Been working on canine.sh for about 2 years now.

It’s an open source project that basically turns your kubernetes into a developer friendly PaaS.

Just crossed 2k apps on the cloud version, no idea how many people run it locally, and thanks to a generous sponsorship from the Portainer folks, I’m able to work on it close to full time.

hiltiyesterday at 10:24 PM

After watching the movie „The Amateur“ I started to build myself some confidential looking tools just for fun using C and deployed them as CGI programs.

A one time secret tool https://iotdata.systems/apps/secret.cgi

A password generator https://iotdata.systems/apps/pass_gen.cgi

paulorlandoyesterday at 11:25 PM

Working on a list of examples and by extension, a greater understanding of the appeal to Ludditism: https://docs.google.com/spreadsheets/d/1M_UjOPxpbKMYes5CcWRW...

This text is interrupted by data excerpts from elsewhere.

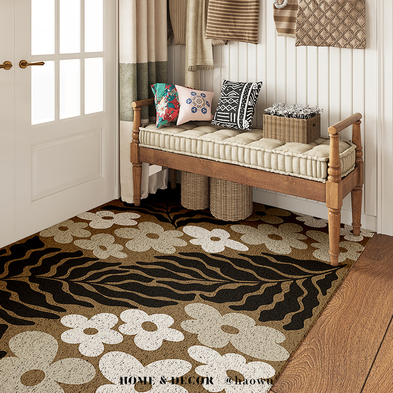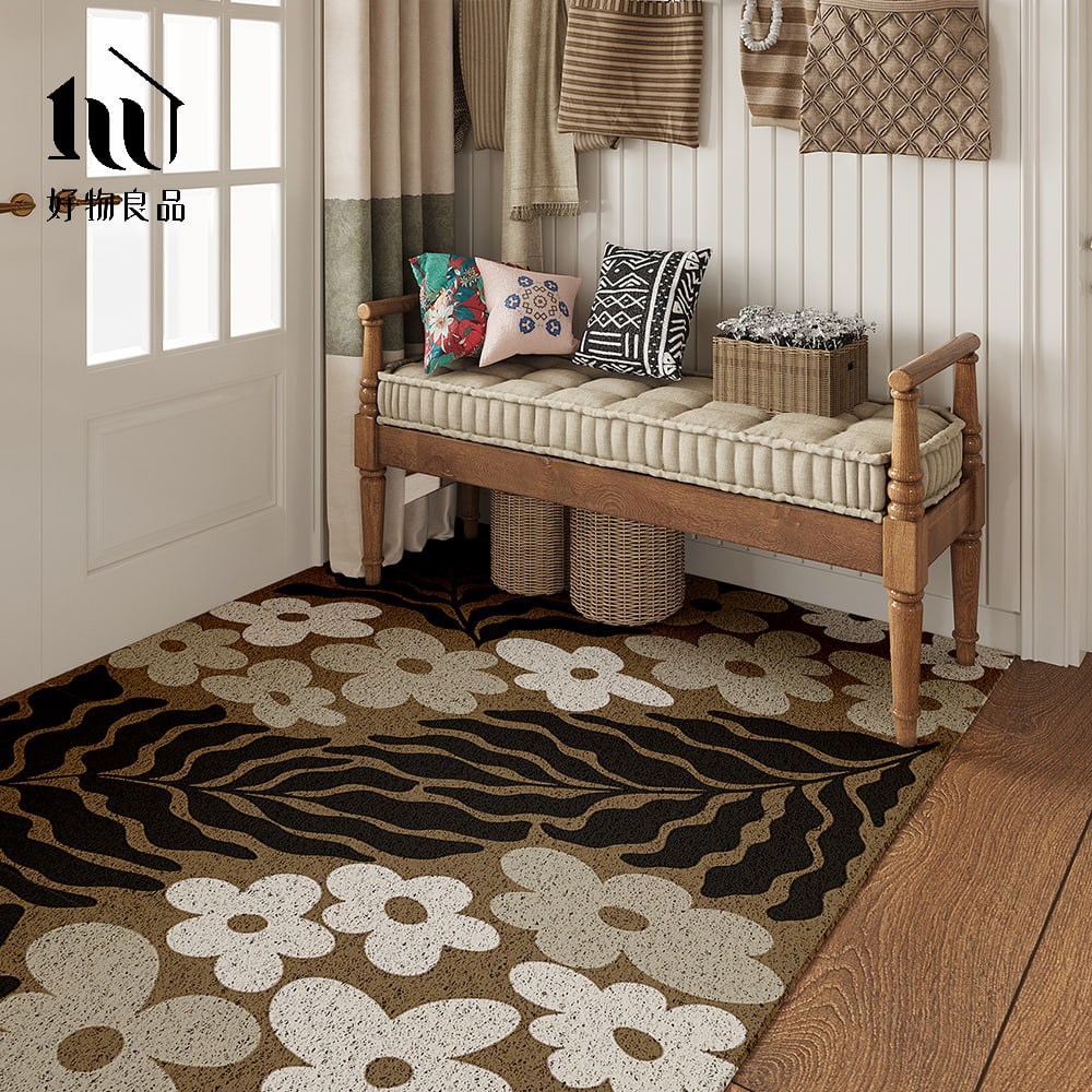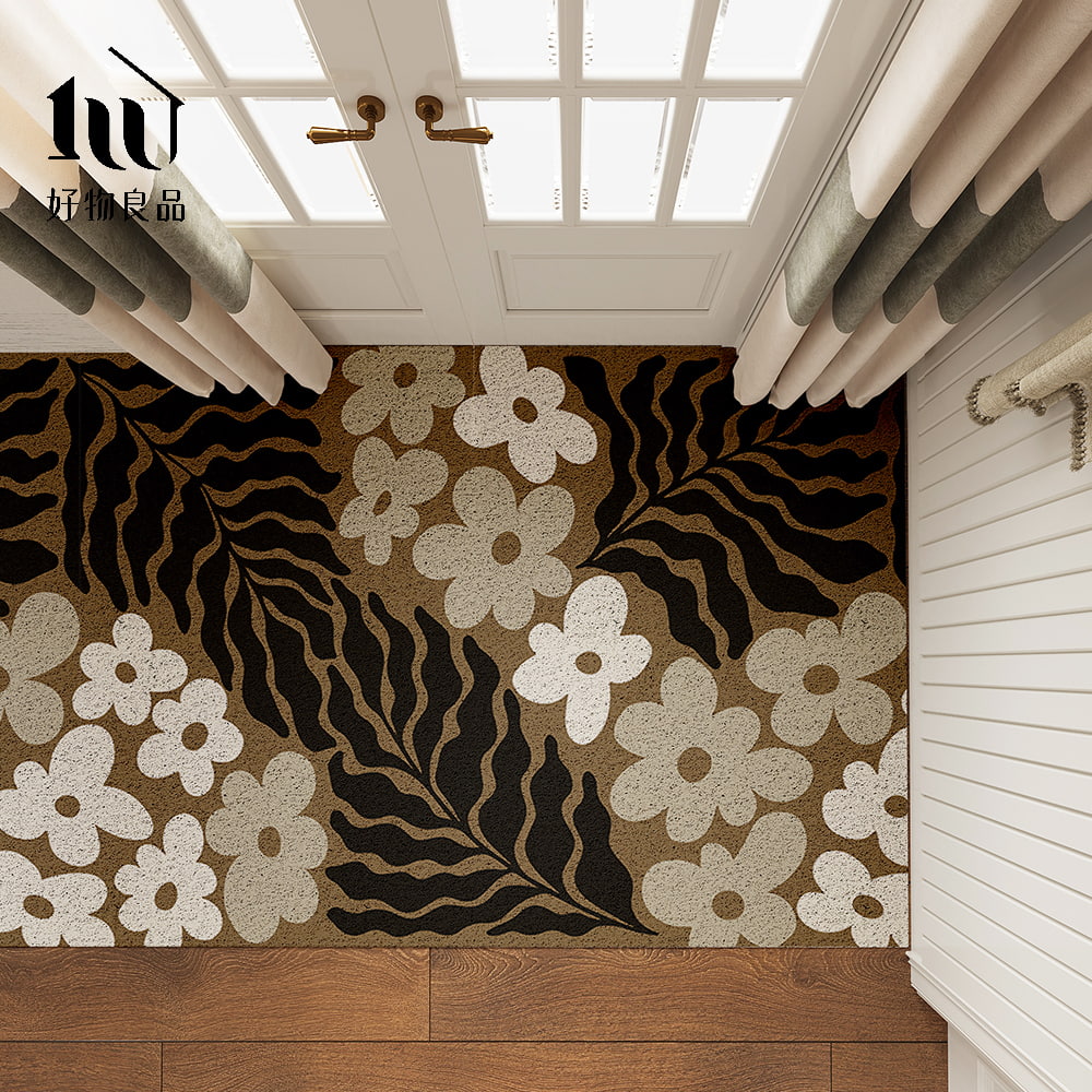 花卉系列《魅影浮花》獨家設計大尺寸可剪裁玄關大門絲圈刮泥墊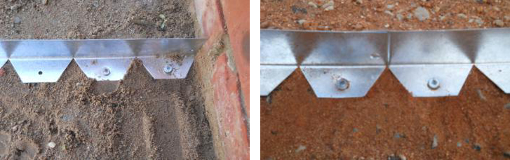 An infinite number of lengths can be joined together to serve any length of edge restraint required by simply utilising a 4.8x12mm aluminium rivet. The end joggle is to wrap around the rear of the unit following on and the rivet head is to be located on the paver side of the edge rail. Nails driven into the sub-base either side of the joint complete the jointing of the two adjacent units.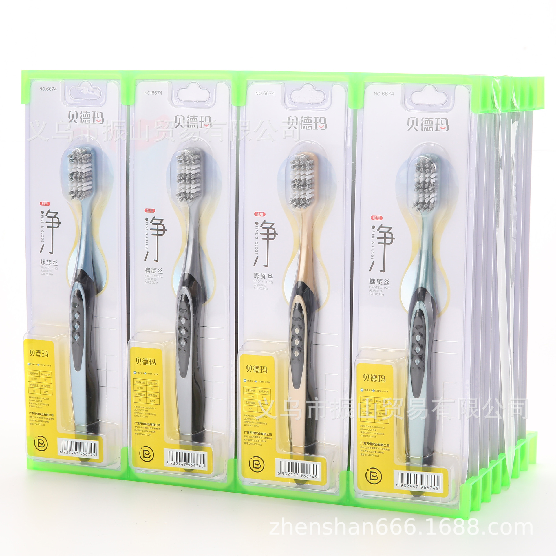 BDM6674 加大纸卡 防滑刷柄设计 螺旋护齿刷丝 中毛牙刷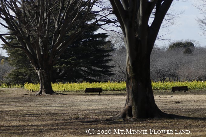 みんなの原っぱの大きな木と菜の花のお花畑.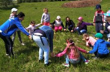 "Бәхетле балачак лагерына йөрүче балалар табигать кочагына чыктылар. Төрле кызыклы уеннар уйнадылар.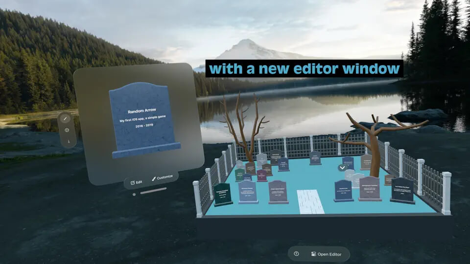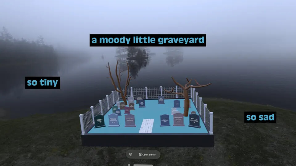 «Надежды и мечты должны куда-то уходить», — гласит слоган приложения. А на первом изображении в магазине приложений написано: «Такие маленькие. Так грустно». Не менее грустно, что Кладбище могут скачать только немногочисленные владельцы Vision Pro, поскольку автор выложил его лишь в App Store. Зато, в отличие от многих кладбищ, здесь место погребения бесплатное.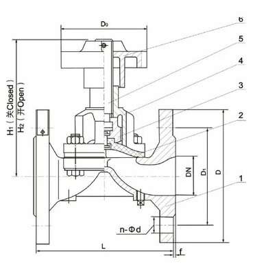 DN | 公称压力 | 工作压力 | L | D | D1 | n-Фd | f | H1 | H2 | D0 | 质量 Kg |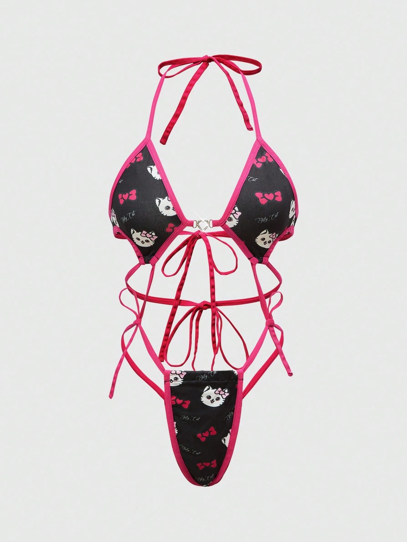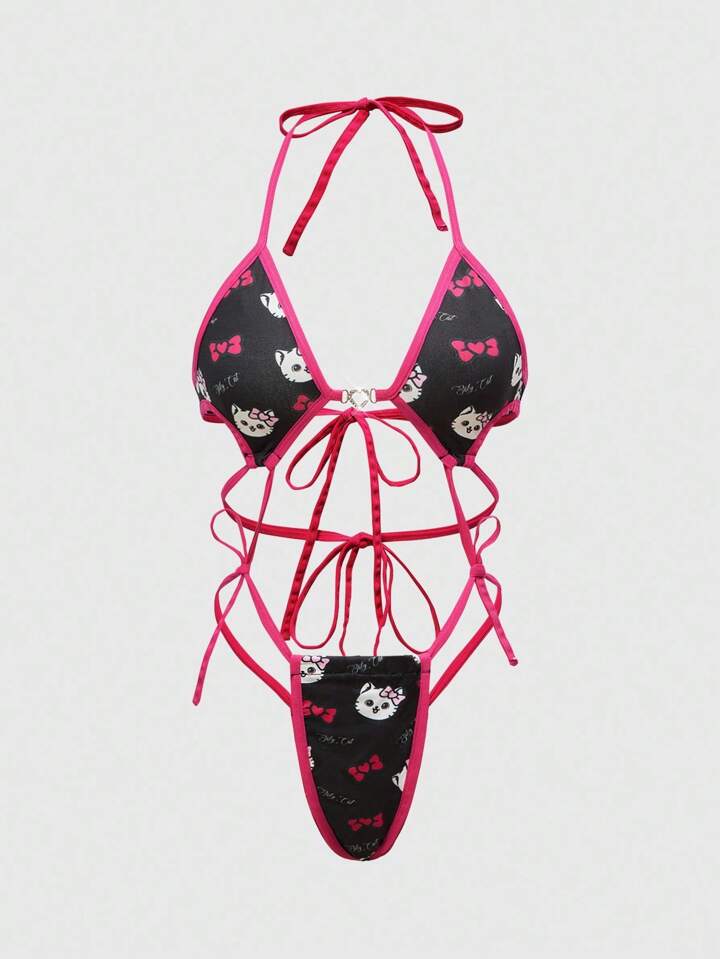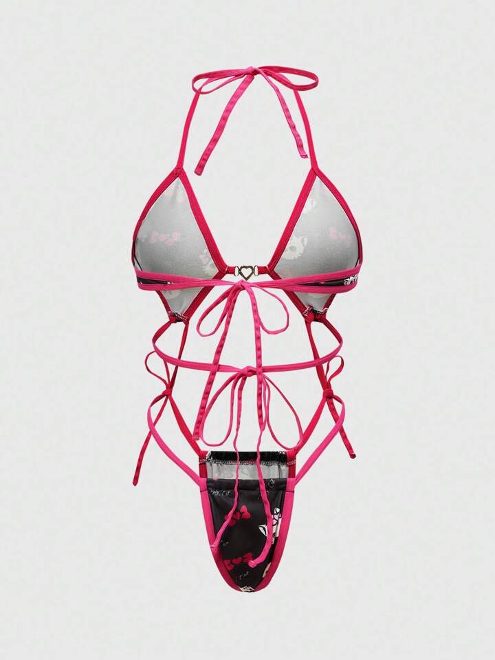 Body sexy da donna con stampa kawaii a forma di cuore e arco, con fiocco in metallo e lacci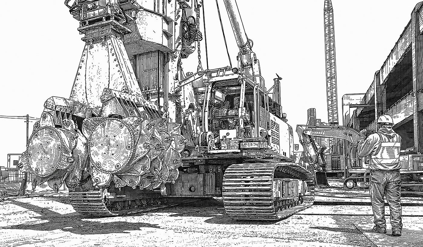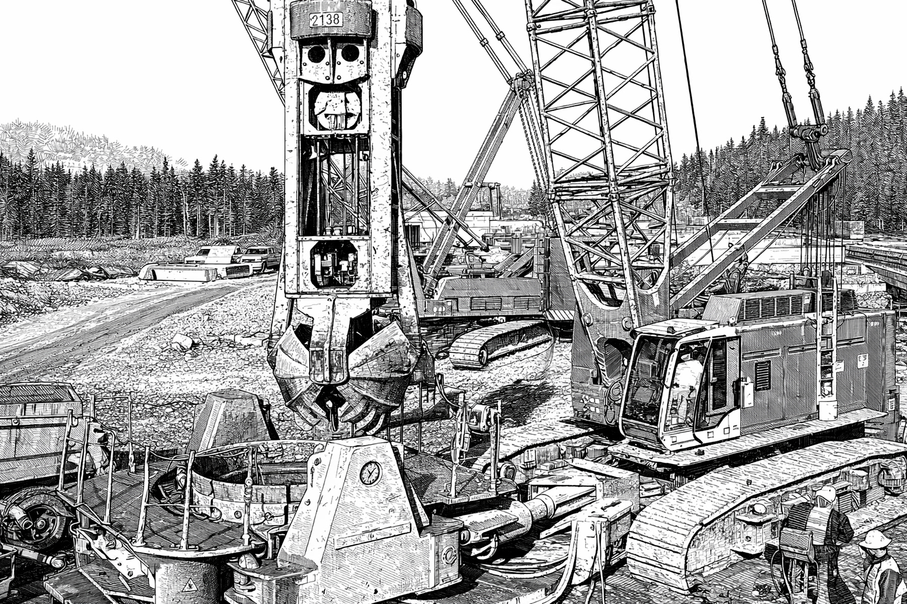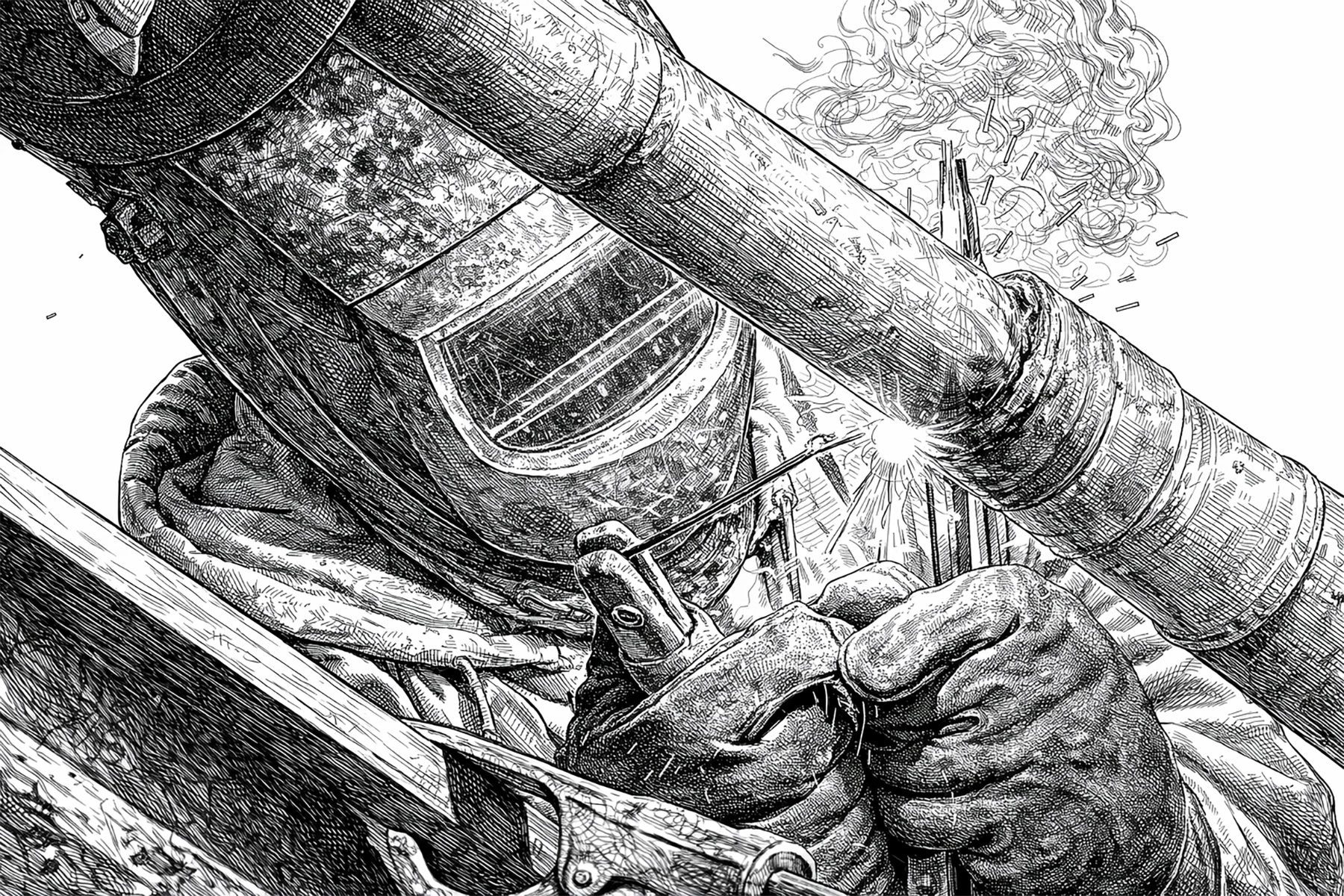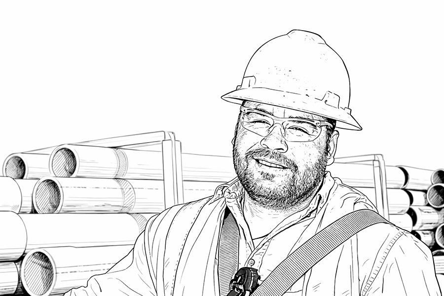 Authentic line art rendered from professional on‑site photography at industrial and construction jobs. Each piece captures the grit, skill, and dignity of real tradespeople — photographed on location, refined in the studio, and delivered as press‑ready prints or digital files.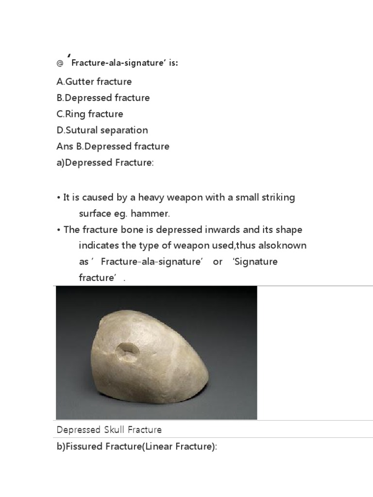 Other accidental causes include falls from a height onto a hard surface or acute head trauma during athletic activity and then there are skull fractures that come about as a result from physical violence.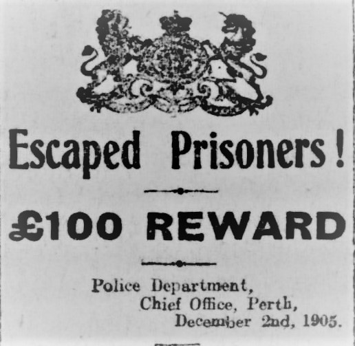 A month went by with no news. However, after another escape from Fremantle Prison as well as the escape of three prisoners from Rottnest Island, the Police Department decided to offer a reward of £100. £20 for each man for information that would lead to their apprehension. Descriptions of the men were placed in the newspapers and photographs were posted outside the Criminal Investigation Branch on Beaufort Street.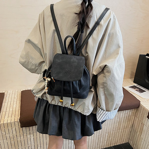 跨境复古学院风少女双肩包包新款网红字母文艺水桶多用小背包外贸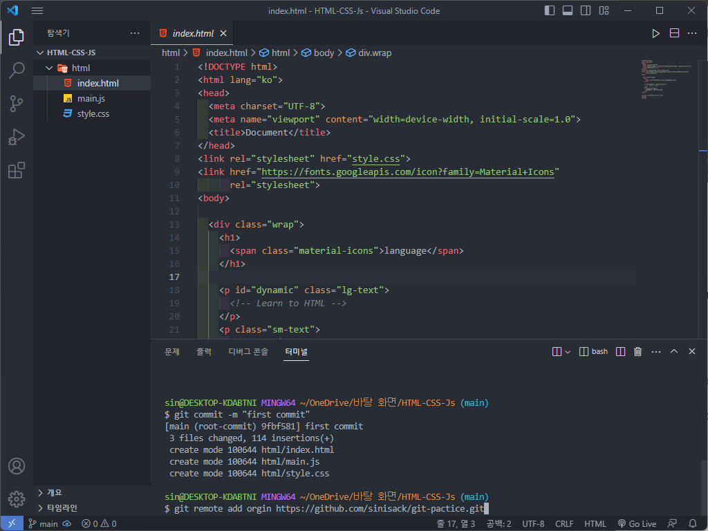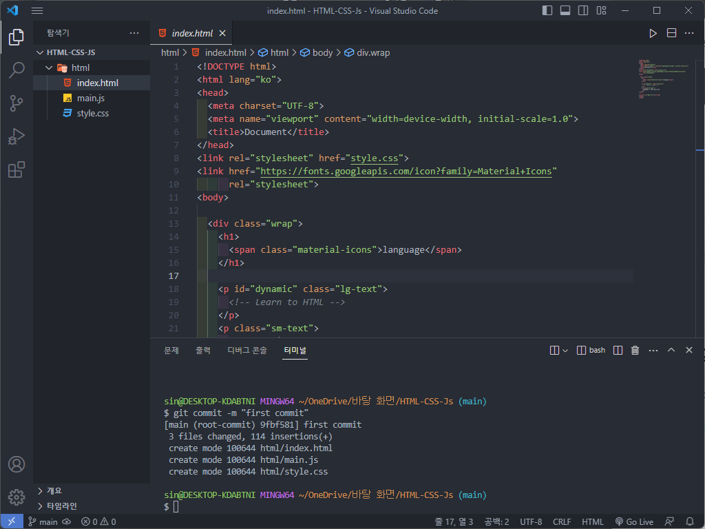 git commit -m "first commit"를 입력합니다. ex) 커밋이름은 상관없음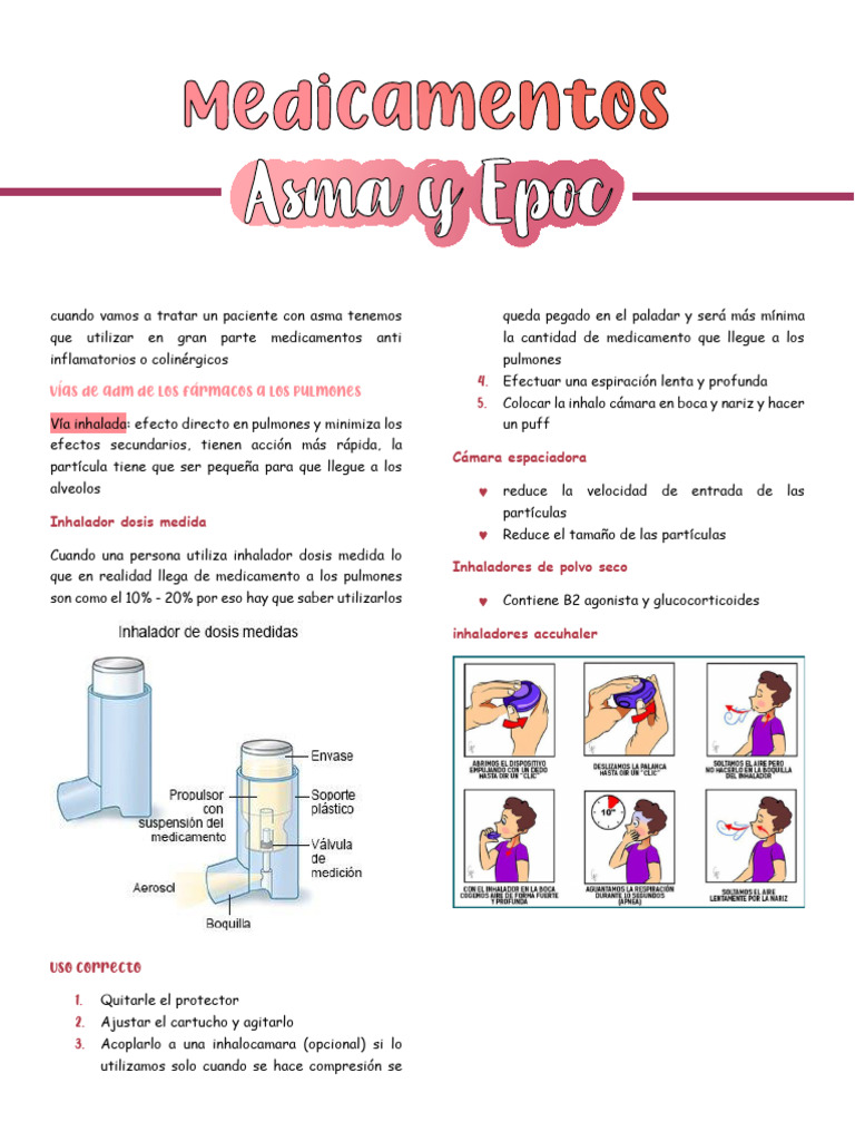 cuando vamos a tratar un paciente con asma tenemos queda pegado en el paladar y será más mínima
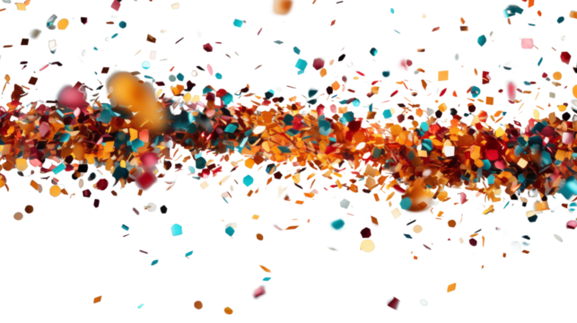 Festive background with falling golden confetti and shiny serpentine streamers for a party or celebration
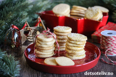 ♥ Småkakene er kjempegode hele året og trengs slett ikke begrenses til julen! Kakene kan også pyntes med mandelflak, se oppskrift på Mørdeigsskiver.

mike-cardwellyesterday at 9:37 PM

I bought a 300 litre aquarium about 6 weeks ago for the living room. Added soil, plants and water. Have spent the last 6 weeks watching plants grow, and snails that smuggled in on plants, multiply. I over fertilised it and left the light on accidentally for a couple of days whilst I was away and experienced an algae bloom, which was interesting. Added some cardinal tetras and amano shrimp yesterday and have spent a lot of time just watching them potter around. Has been a nice change from looking at a screen.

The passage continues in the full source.